**Goal of the exercise**
Begin at the first line of the data and copy each line through the one containing "Ausgestattet ist das", that line included, with no pictures.

**********

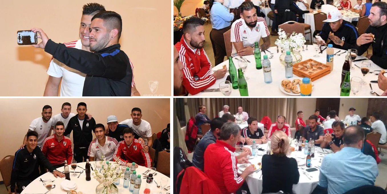 Allí ambos planteles, cuerpo técnico y dirigentes compartieron una amena cena. Las imágenes las compartió el club de Núñez a través de su cuenta oficial de Twitter.
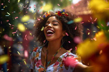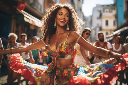 Latin woman dancing on the streets during carnival. Generative AI
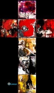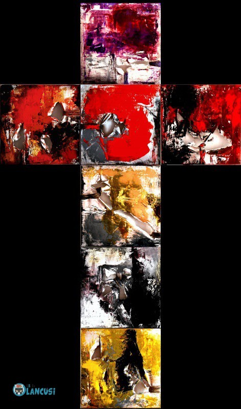 I sette peccati ditottiani è un’opera imponente, 200 cm x 120 cm. Composta da ben 7 tele. In esse possiamo ritrovare i 7 peccati capitali che uniti formano la famosa Croce di Ditot.
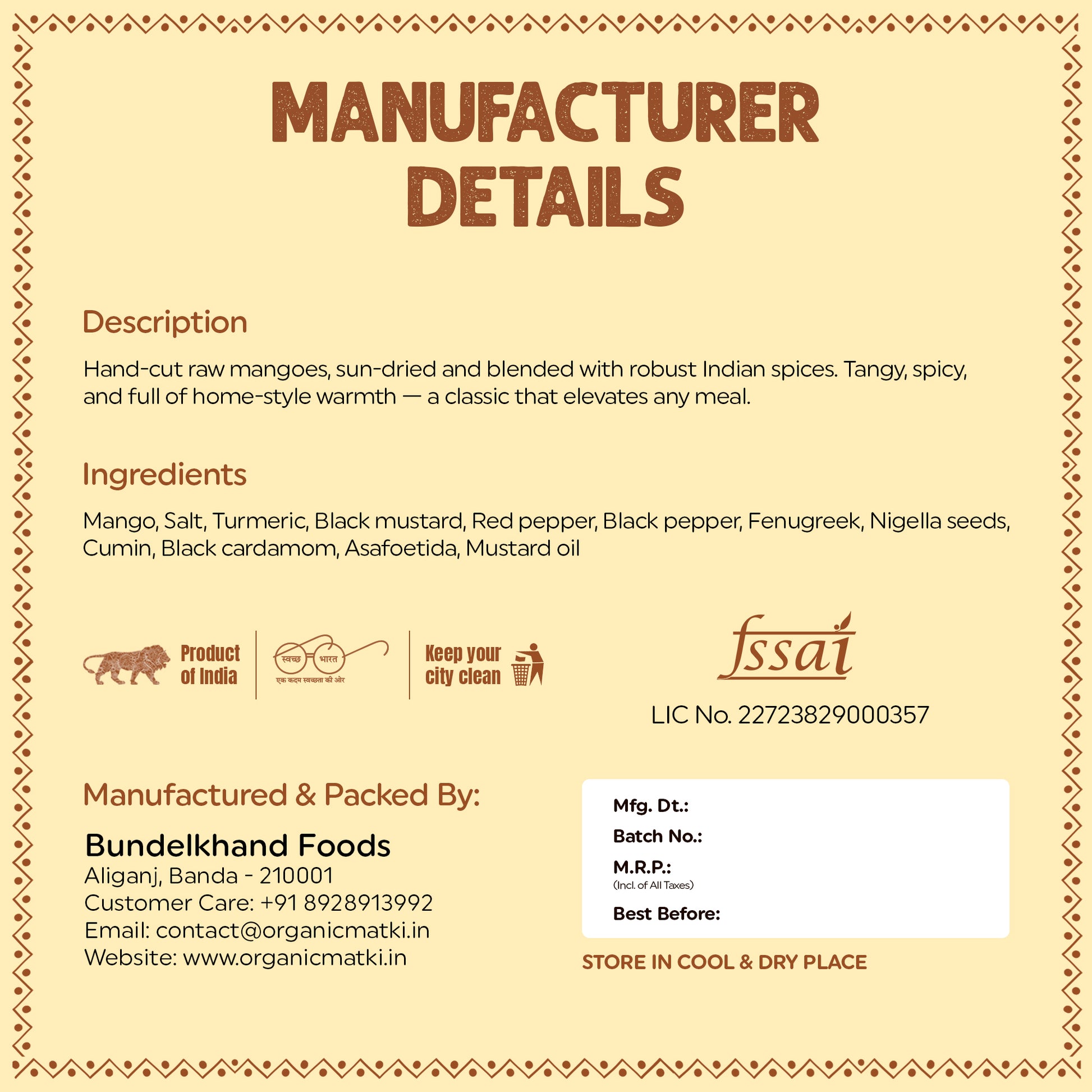 Hand-cut raw mangoes, sun-dried in the Bundelkhandi sun and blended with bold Indian spices.
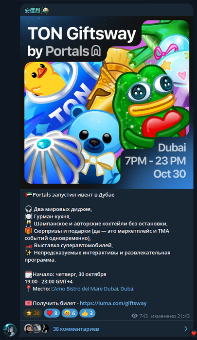 Я увидел пост в телеграм канале, что самый крупный маркет телеграм подарков Portals проводит ивент в Дубае.
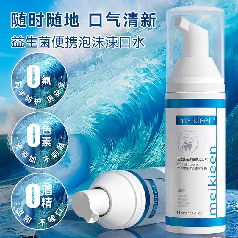 プロバイオティックフォームのポータブルマウスウォッシュは歯をきれいにし、マイルドで刺激がなく、口臭を爽やかにし、毎日の旅行に不可欠です。
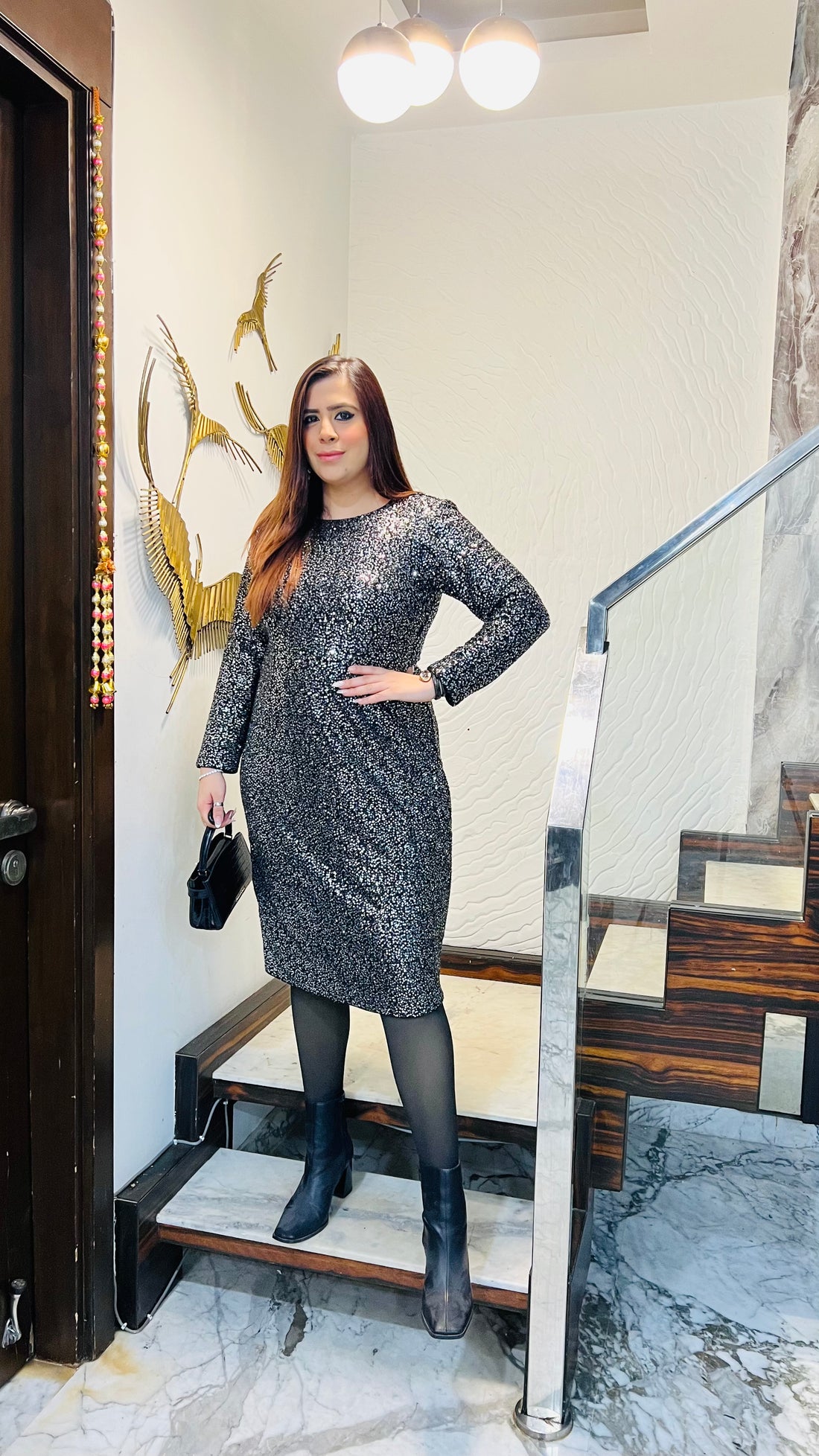 Description Radiant midnight sequin midi dress with full sleeves and a crew neckline. Paired with...
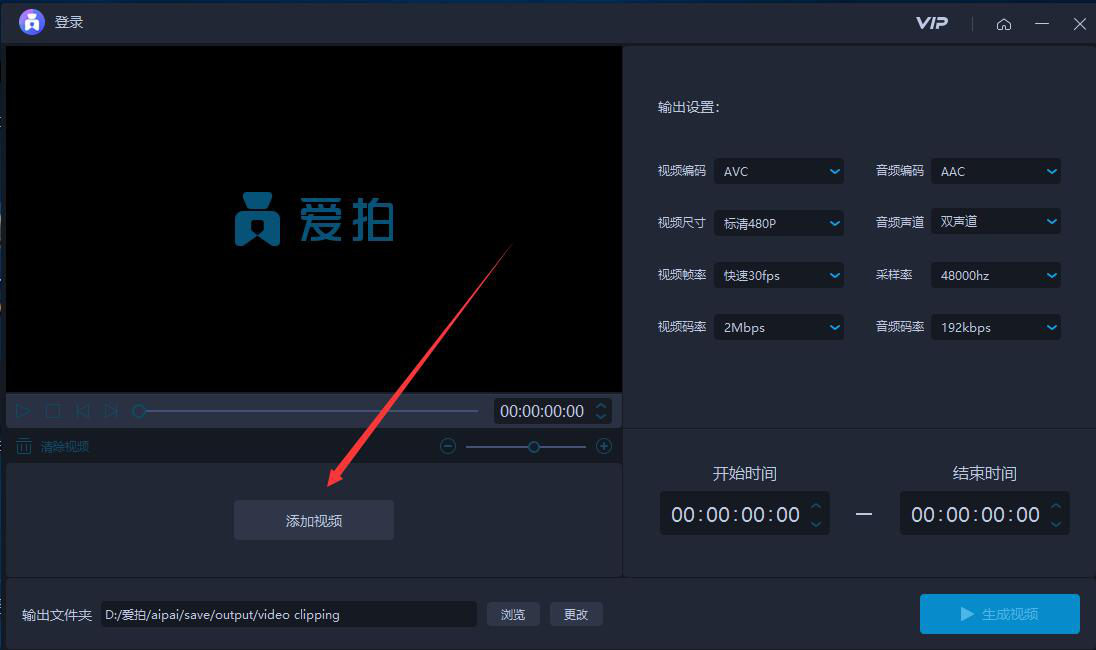 2、进入爱拍视频剪切操作界面后,点击“添加视频”按钮。
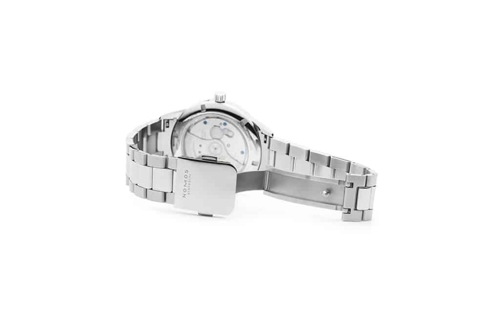 Ausgestattet ist das Gehäuse mit dem Manufakturkaliber DUW 6101 mit patentiertem NOMOS-Datumsmechanismus und NOMOS-Swing-System, der von NOMOS selbst entwickelten und gefertigten Hemmung. Wer dieses Meisterwerk mit eigenen Augen sehen möchte, dreht die Uhr einfach um. Sie ist nämlich mit einem Saphirglasboden ausgestattet. Die herausragende Qualität von NOMOS Glashütte führt zu höchster Präzision und Zuverlässigkeit bei einer Gangreserve von ca. 42 Stunden.
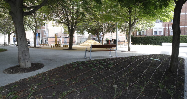 En cuanto a la vegetación, el arbolado actual, maduro y compuesto principalmente por castaños de indias, se ha reforzado con dos nuevos arces, que favorecerán la sombra y el refugio en los meses cálidos. Además, en los parterres se han plantado diferentes especies de plantas.
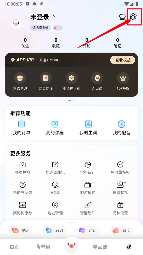 打开百度翻译,进入我的页面。
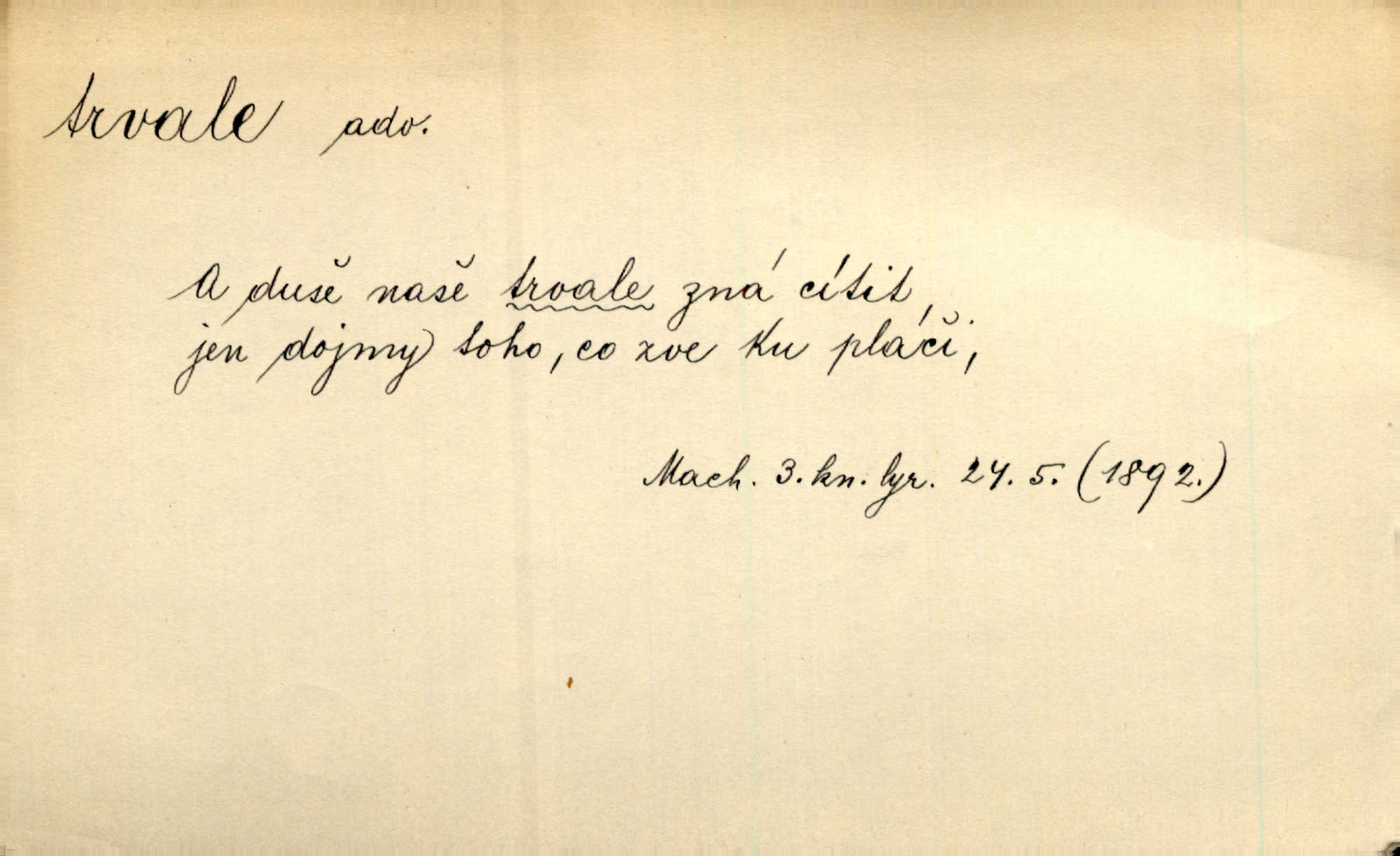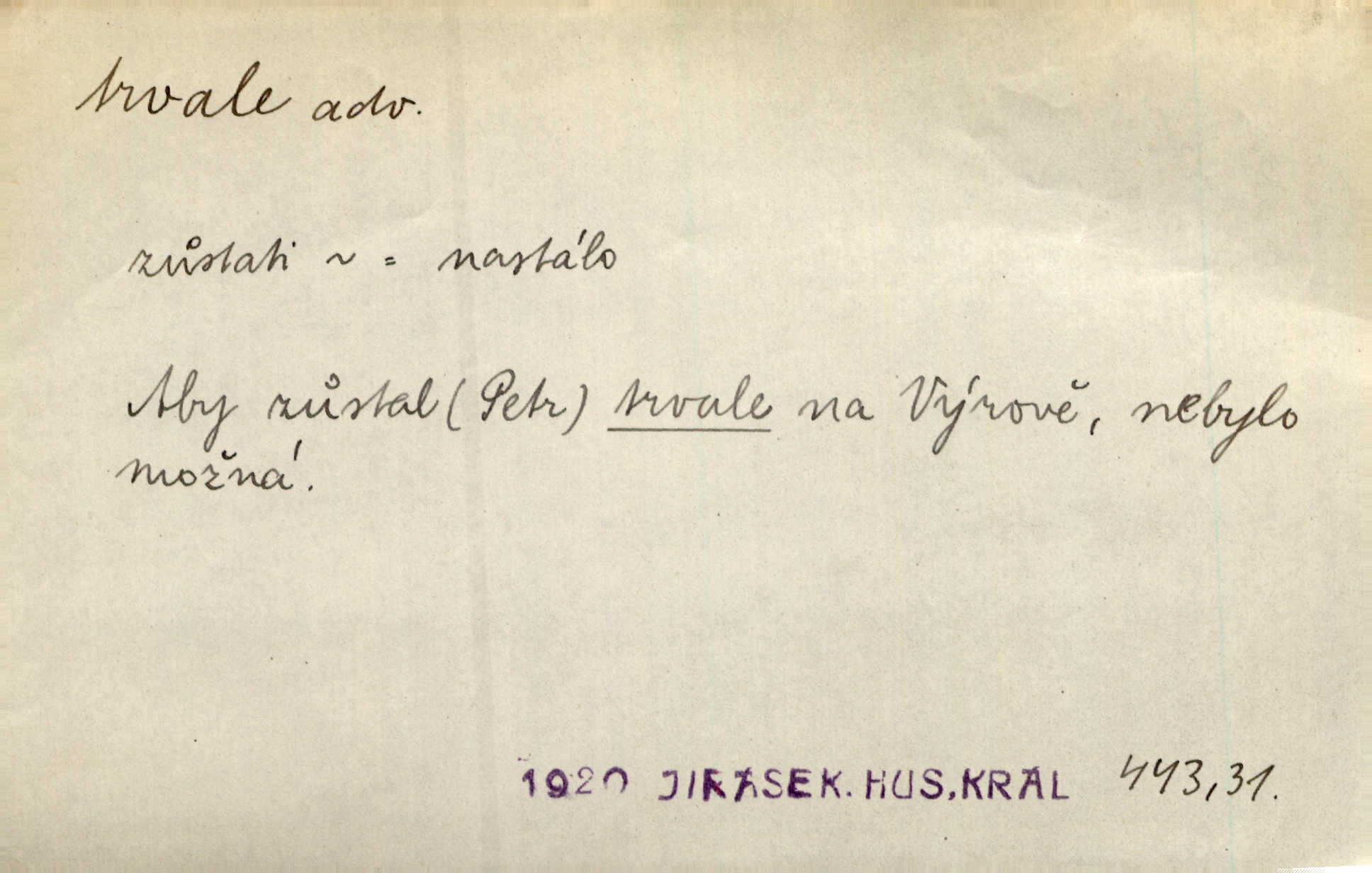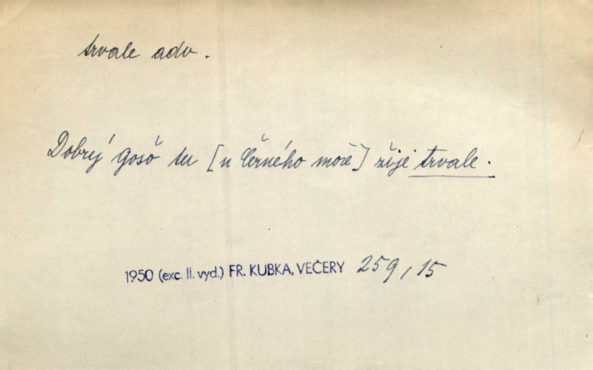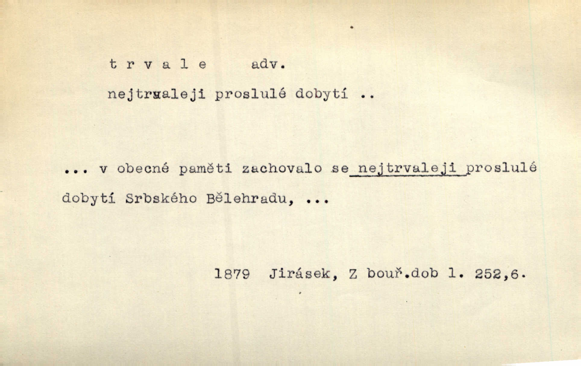 - trvale adv. k trvalý. Jen člověk klidný, nevášnivý může býti trvale šťastným ustavičně. Arb. [Leconte de Lisle] trvale usadil se v Paříži natrvalo. Vrch. Soudcové z povolání jsou na svá místa ustanovováni vždy trvale. Ústava.

**********

**Answer to the problem**
 Allí ambos planteles, cuerpo técnico y dirigentes compartieron una amena cena. Las imágenes las compartió el club de Núñez a través de su cuenta oficial de Twitter.
 Latin woman dancing on the streets during carnival. Generative AI
 I sette peccati ditottiani è un’opera imponente, 200 cm x 120 cm. Composta da ben 7 tele. In esse possiamo ritrovare i 7 peccati capitali che uniti formano la famosa Croce di Ditot.
 Hand-cut raw mangoes, sun-dried in the Bundelkhandi sun and blended with bold Indian spices.
 Я увидел пост в телеграм канале, что самый крупный маркет телеграм подарков Portals проводит ивент в Дубае.
 プロバイオティックフォームのポータブルマウスウォッシュは歯をきれいにし、マイルドで刺激がなく、口臭を爽やかにし、毎日の旅行に不可欠です。
 Description Radiant midnight sequin midi dress with full sleeves and a crew neckline. Paired with...
 2、进入爱拍视频剪切操作界面后,点击“添加视频”按钮。
 Ausgestattet ist das Gehäuse mit dem Manufakturkaliber DUW 6101 mit patentiertem NOMOS-Datumsmechanismus und NOMOS-Swing-System, der von NOMOS selbst entwickelten und gefertigten Hemmung. Wer dieses Meisterwerk mit eigenen Augen sehen möchte, dreht die Uhr einfach um. Sie ist nämlich mit einem Saphirglasboden ausgestattet. Die herausragende Qualität von NOMOS Glashütte führt zu höchster Präzision und Zuverlässigkeit bei einer Gangreserve von ca. 42 Stunden.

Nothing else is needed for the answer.